Optimization of Carbon Black/Silica Dual‐Phase Fillers in Solution‐Polymerized Styrene‐Butadiene Rubber: Hyperelastic Constitutive Modeling and Finite Element Validation

ABSTRACT Coordinated regulation of the comprehensive performance of rubber composites stands as a pivotal challenge in both academic research and engineering applications within the polymer field. Solution‐polymerized styrene‐butadiene rubber (SSBR) is recognized as a core material for high‐performance green tire treads, and the synergistic optimization of dual‐phase fillers (carbon black (CB) and silica) plays a decisive role in upgrading the material's integrated properties. In this study, solution‐polymerized styrene‐butadiene rubber composites were prepared with a fixed total filler content of 70 parts and varying carbon black/silica ratios.
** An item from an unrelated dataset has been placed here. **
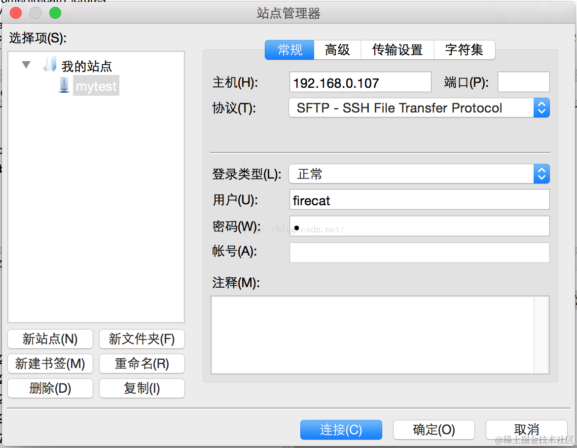 以下是客户端软件FileZilla的Mac版本截图,Mac作为客户端,Linux作为服务器,IP地址是192.168.0.107,SSH协议传输,端口22。

Their vulcanization characteristics, filler dispersion, interfacial interactions, and static/dynamic mechanical properties were systematically characterized. A hyperelastic constitutive model was fitted based on uniaxial tensile data, and finite element analysis was used to simulate their mechanical behavior, which was subsequently validated experimentally. The results indicate that when the silica content was 10 parts, a balance between wet skid resistance and rolling resistance was achieved through synergistic filler dispersion and enhanced filler–rubber interfacial bonding, yielding the optimal overall performance. The Ogden model ( N = 3) demonstrated the highest fitting accuracy, and the finite element analysis results were in excellent agreement with the experimental data. This study provides theoretical guidance for tire tread compound formulation design and offers a technical approach for predicting the performance of rubber composites.